As of Thursday, 99.77% of California is experiencing drought, according to tracking by the U.S. Drought Monitor. Just one (very small) corner of the state is left out.
The drought map of California shows shades of orange, red, and even dark burgundy for the driest parts of the state. But if you look to the far northwest, where the state borders Oregon and the Pacific Ocean, there’s a tiny patch of yellow to be found in Del Norte County.
Del Norte County, with a population around 28,000, is perhaps best known for its lush coastal redwood forest. About two-thirds of the county is experiencing drought, but one-third – the furthest northwest sliver of the county – is not. That small area accounts for the entirety of California’s 0.23% of drought-free territory.
Even still, that part of Del Norte County isn’t exactly in the clear. It’s classified as “abnormally dry” – just one step below “moderate drought” on the Monitor’s severity scale.
Outside the northwest, the least drought-stricken part of the state, counterintuitively, is all the way at the southern border. San Diego and Imperial counties are both primarily in “moderate drought,” faring much better than their neighbors to the north.
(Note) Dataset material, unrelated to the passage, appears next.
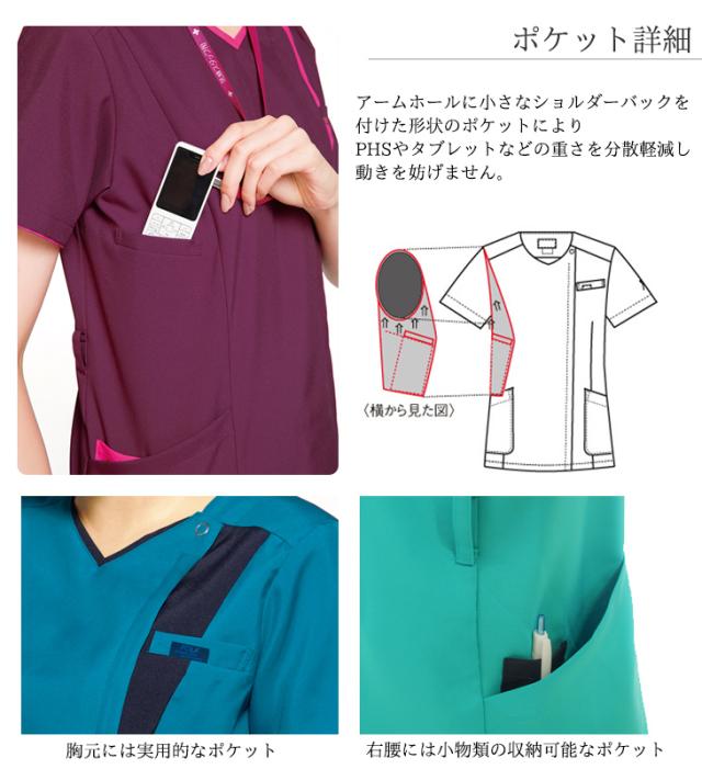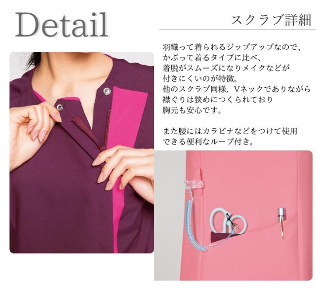 スクラブ 医療用 白衣 メディカル レディース 女性 ジップスクラブ 介護 カラー FOLK ウェア 速乾性

The area has seen some monsoonal summer rain, which could be helping them out.
The dark, almost maroon shade of red over the Central Valley on the map makes up the 17% of California in the worst drought category: exceptional drought.
As the National Weather Service predicts a 91% chance La Niña will continue through the fall, and possibly even through the winter, there’s concern it will bring even more dry skies over California.